Thanks for your thoughts, Mike -- very appreciated.
I can hopefully answer some of your questions.
1. We do not know ambient temps ... This has a huge effect on any thermals if the delta between the cooling air and the heat sources reaches the 'point-of-no-return'. if the delta is too small you will never be able to cool it down again properly other than stopping any workload or shutting it off.
Ambient temps: the room air is kept at 68F (20C). The air inside the case has a "case temp" that is also referenced in some of the IPMI logs as well, and it sometimes approaches 37C, but does not seem to go above this. We don't know where the actual point of measurement is on the motherboard/case for this, though, just what the logs say, unfortunately.

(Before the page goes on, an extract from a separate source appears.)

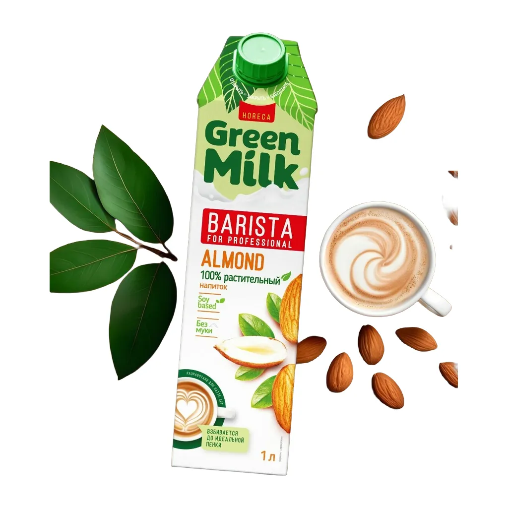 Особенности продукта: Нотка горького миндаля ярко проявляется на фоне вкуса любого кофе; В составе натуральная миндальная паста; Для любителей яркого миндального вкуса и аромата; Green Milk Barista Миндаль разработан в диалоге с бариста - профессионалами в области кофе; Предназначено для рисования latte art; Основа из соевых бобов, а не из муки; Благодаря наличию растительного белка всегда пышная пенка; Имеет нейтральную кислотность (ph=7) – сохраняет вкус кофе

2. The case with this load of periphery inside is 'useless' in terms of providing airflow ... Simple said it's just too small to allow any flow
I'm not sure the case is the only factor here, as I have a Knights Landing and dual Xeon platinum 8180 from HP with identical or smaller cases. It's just that the HP case has a bunch of strange cooling inside, and the Knights Landing is watercooled. Neither of those systems overheat on the same workloads. A friend of mine also built into an ATX mid case with a couple of older Xeons and it (apparently) doesn't overheat.
3. Did you consider the installed periphery giving up heat into the case? I mean there are tons of added NVME's, HBA, graphic card etc ... All producing lots of thermal energy
No, I didn't -- and this is a good point. There is a lot of...stuff in here. Unlike the HP, which has a bunch of modular compartments with dedicated fans whooshing across each separately, everything is sort of mixed together in here like in a desktop PC. During my workloads, though, the GPU is never running load while the CPUs are, and the I/O is usually staggered around the computation, so it's not terribly likely the components would all be under load at once. Of course RAM is an exception, as the CPUs and RAM are often under very high load together.
7. Not to mention the direction of the airflow. Front to back & top is in my opinion the wrong way. The front fans are cooling the HDD's. Nothing else. The air around the HDD cages becomes already heated up. The first CPU fan takes the air directly from the heated HDD. The second CPU cooler sucks air from the super-hot controller between both CPUs.
This is interesting. Putting my hand in the case shows that the air coming past the hard drives is relatively cool still (of course, this is unscientific). But I do know the hard drives turn off when not in use (and I don't pull data from the RAID HDDs while doing computation, so they are confirmed to be powered down in an idle state while the CPUs are doing their work (which caches in RAM and occasionally checkpoints onto the NVME PCIe card). Changing the airflow direction has noticeably improved temperatures (a workload that failed in 60 seconds now runs to completion, albeit with some throttling at the 10 minute point as the RAM VRM cools off).
The lower the delta in temps between periphery and air temp in the case, the worse it gets ... You will never escape this circle if:
1. You don't use a bigger case allowing flowing air
The flux of air out of the exhaust fans is now quite high, where it was low before. A piece of paper dropped at case height is blown ~ 4 meters now. The same piece of paper was not blown 0.5 meters previously. I don't think case size alone is the greatest factor considering my functioning HP Z8 and Colfax Knights Landing rigs. But I'm sure you're right that it plays a role. This case is huge, though.
2. If you do not cool down your ambient temp
This is interesting -- how to do this? Ambient as in "within-case" or "outside of case"? Room temp A/C ensures 68F/20C consistently. A thermometer placed in front of the intake fans reports 68F during load.
3. If you place periphery in the direction of airflow and therefore slow down airflow
This makes sense. I do have this problem. I don't know how to fix it. I do know air is rushing past, but there are indeed a bunch of HDDs (and even the front of the case, which redirects inflow from the sides of the front panel!). There are also a bunch of RAM fans in the way, and a bunch of other pieces throughout the case.
4. If you use way too much fans interfering with each other in a counter-productive way
This is a good point, but not sure how to ensure air flow without more fans.
etc etc
This can go further and further. Start from new and totally rethink the environment.
Actually would really appreciate elaborating on the "etc etc" because all of this is helpful. I did not build this computer and have no idea what to rethink. Can you provide some pointers for a rebuild? (I might not be able to do it myself but it would help the company I bought it from to rebuild it, as this is now the
third reincarnation of the computer).